Reproduce exactly the lines below, from the first one through the line containing "These alarm functions", and omit any pictures.

[Stored records]
++++++++

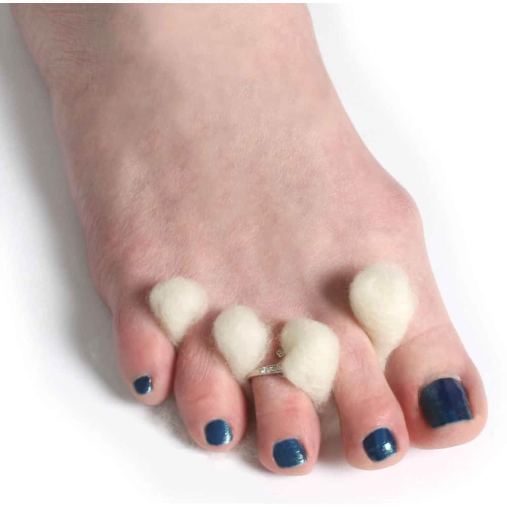 Pyörittele pitkulainen suikale villasta ja laita se yöksi varpaanväliin. Voit myös asettaa villaa varpaiden alle ja kietoa päällipuolelta varpaiden välistä. Älä vedä liian kireälle. Vaihda päivittäin
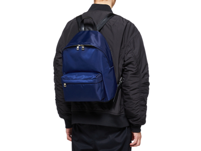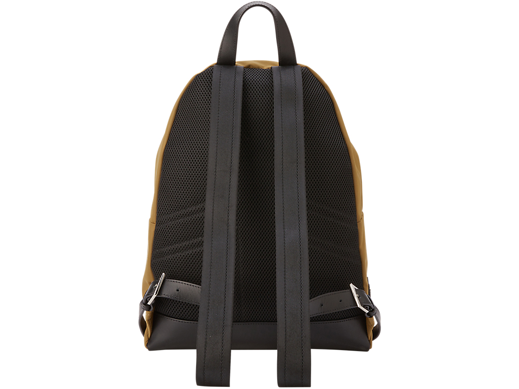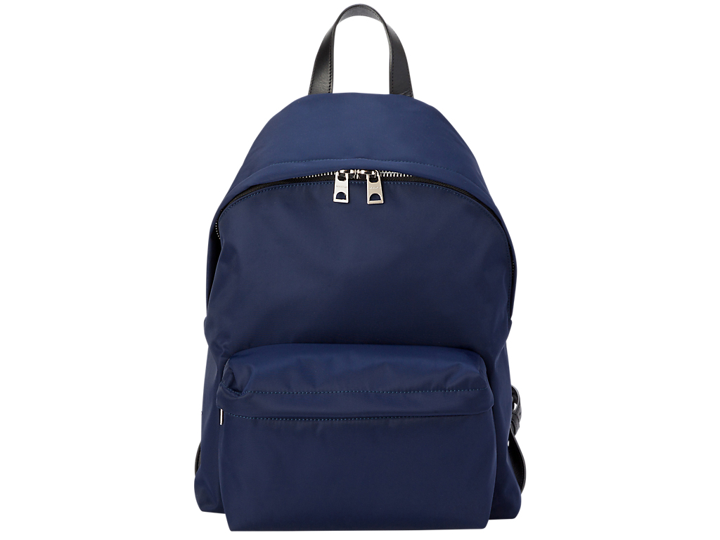 レザーと光沢感があるナイロンとのコンビはカジュアルなアイテムを上品に演出します。シンプルなデザインと色はユニセックスでさまざまなコーディネートに合わせることができる汎用性の高いアイテムです。
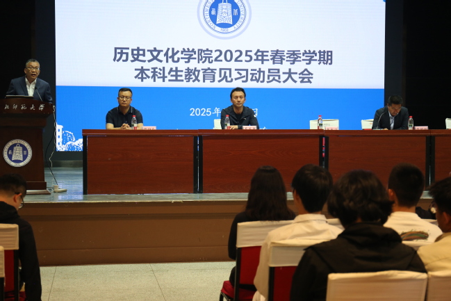 5月14日上午,350vip葡京新集团在学生发展中心二楼多功能厅召开2025年春季学期教育见习动员大会,学院党委书记李东海,院长、党委副书记张继刚,党委副书记、纪委书记王玉丰,副院长郝振宇出席大会,本科教务秘书及2023级、2024级全体学生、团委老师、见习带队老师、各班班主任300余人参加大会,会议由历史学系主任侯培和主持。
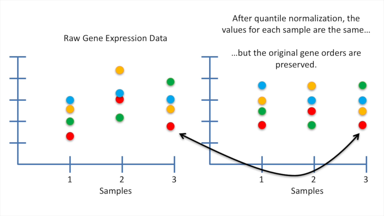 • 여러 샘플 간에 표현량의 순위를 기준으로 데이터를 정렬하고 분포를 동일하게 맞추면, 같은 유전자가 샘플 간에 비슷한 상대적 위치를 가지게 됩니다.
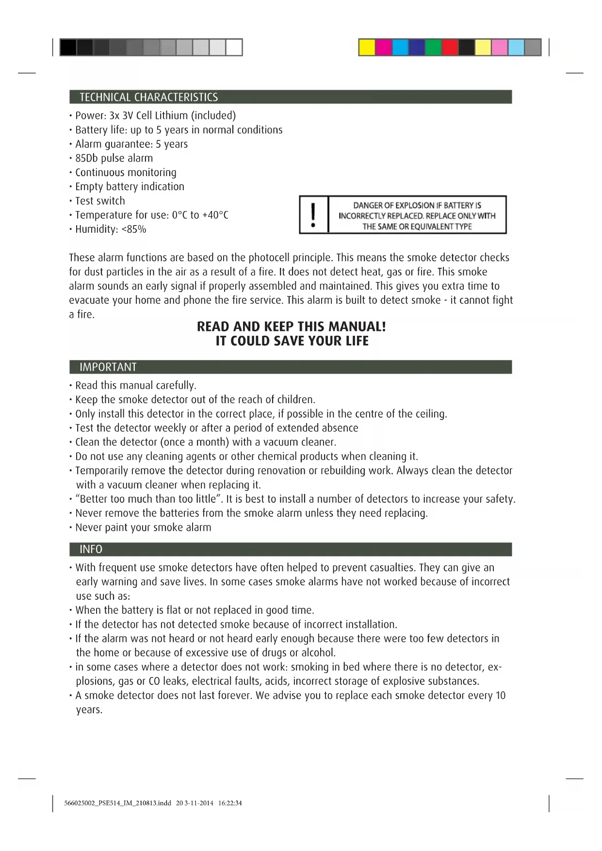 These alarm functions are based on the photocell principle. This means the smoke detector checks for dust particles in the air as a result of a fire. It does not detect heat, gas or fire. This smoke alarm sounds an early signal if properly assembled and maintained. This gives you extra time to evacuate your home and phone the fire service. This alarm is built to detect smoke - it cannot fight a fire.
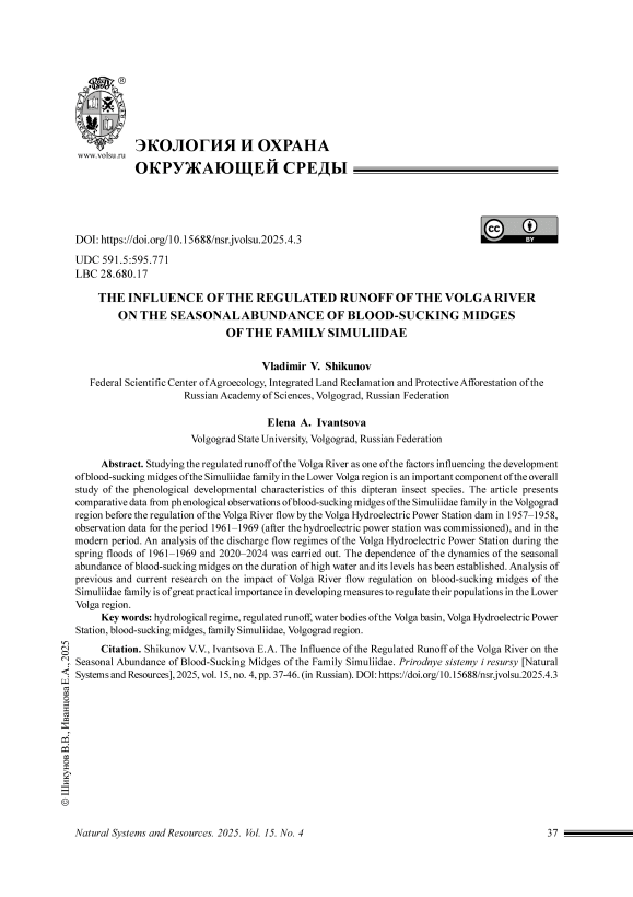 Изучение зарегулированного стока р. Волга, как одного из факторов, влияющего на развитие кровососущих мошек сем. Simuliidae Нижнего Поволжья, является важной составляющей для всего процесса исследования фенологических особенностей развития двукрылых насекомых данного вида. В статье представлены сравнительные данные фенологических наблюдений за кровососущими мошками сем. Simuliidae на территории Волгоградской области до зарегулирования стока р. Волга плотиной Волжской ГЭС в 1957–1958 гг., данные наблюдений за период 1961–1969 гг. (после ввода гидроэлектростанции в эксплуатацию), а также в современный период. Проведен анализ режимов сбросных расходов Волжской ГЭС в период весеннего половодья 1961–1969 гг. и 2020–2024 гг. Установлена зависимость динамики сезонной численности кровососущих мошек от продолжительности половодья и его уровней. Анализ предыдущих и современных исследований, касающихся влияния регулирования стока реки Волга на кровососущих мошек сем. Simuliidae имеет большое практическое значение при разработке мероприятий по регулированию численности их популяций в условиях Нижнего Поволжья.
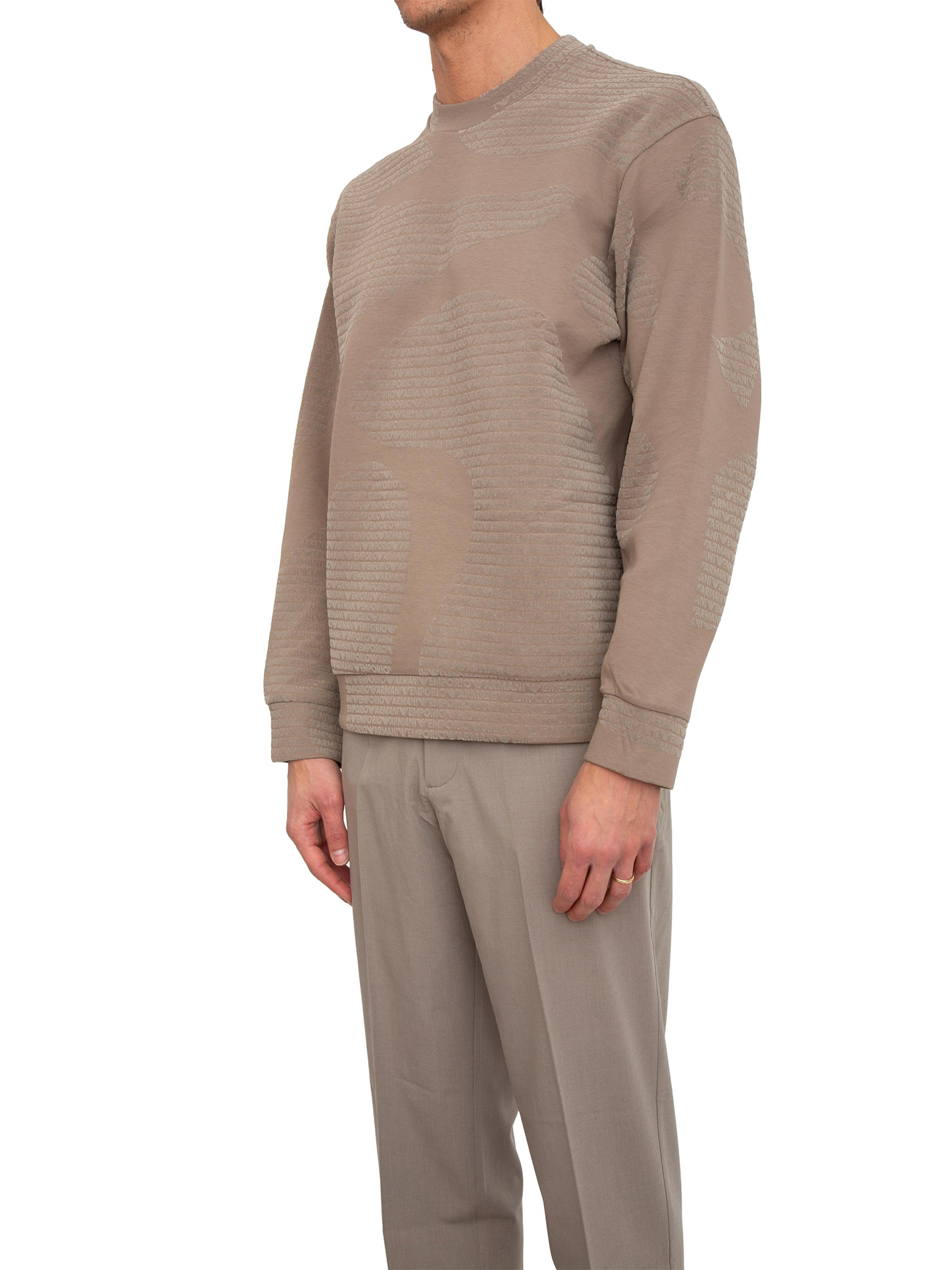 Felpa girocollo uomo Emporio Armani in misto cotone beige e logo jacquard
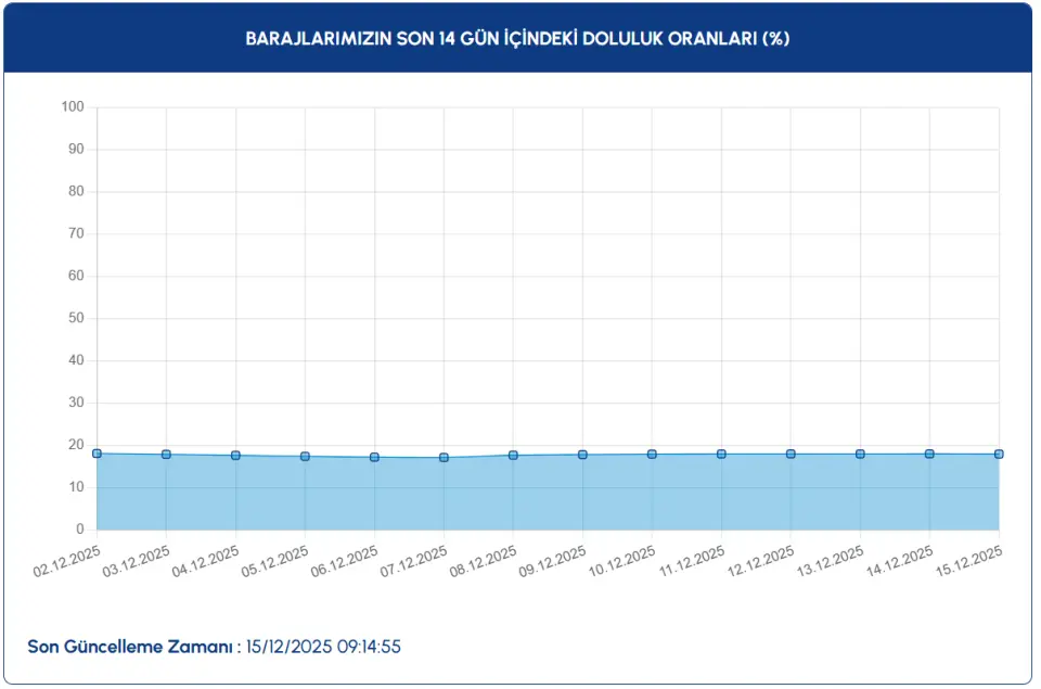 Böylece 15 Aralık 2025 tarihinde İstanbul Su ve Kanalizasyon İdaresi (İSKİ) tarafından açıklanan verilere göre ortalama baraj doluluk oranı %17,93 olarak açıklandı.

++++++++

— ANSWER BOX —
 Pyörittele pitkulainen suikale villasta ja laita se yöksi varpaanväliin. Voit myös asettaa villaa varpaiden alle ja kietoa päällipuolelta varpaiden välistä. Älä vedä liian kireälle. Vaihda päivittäin
 レザーと光沢感があるナイロンとのコンビはカジュアルなアイテムを上品に演出します。シンプルなデザインと色はユニセックスでさまざまなコーディネートに合わせることができる汎用性の高いアイテムです。
 5月14日上午,350vip葡京新集团在学生发展中心二楼多功能厅召开2025年春季学期教育见习动员大会,学院党委书记李东海,院长、党委副书记张继刚,党委副书记、纪委书记王玉丰,副院长郝振宇出席大会,本科教务秘书及2023级、2024级全体学生、团委老师、见习带队老师、各班班主任300余人参加大会,会议由历史学系主任侯培和主持。
 • 여러 샘플 간에 표현량의 순위를 기준으로 데이터를 정렬하고 분포를 동일하게 맞추면, 같은 유전자가 샘플 간에 비슷한 상대적 위치를 가지게 됩니다.
 These alarm functions are based on the photocell principle. This means the smoke detector checks for dust particles in the air as a result of a fire. It does not detect heat, gas or fire. This smoke alarm sounds an early signal if properly assembled and maintained. This gives you extra time to evacuate your home and phone the fire service. This alarm is built to detect smoke - it cannot fight a fire.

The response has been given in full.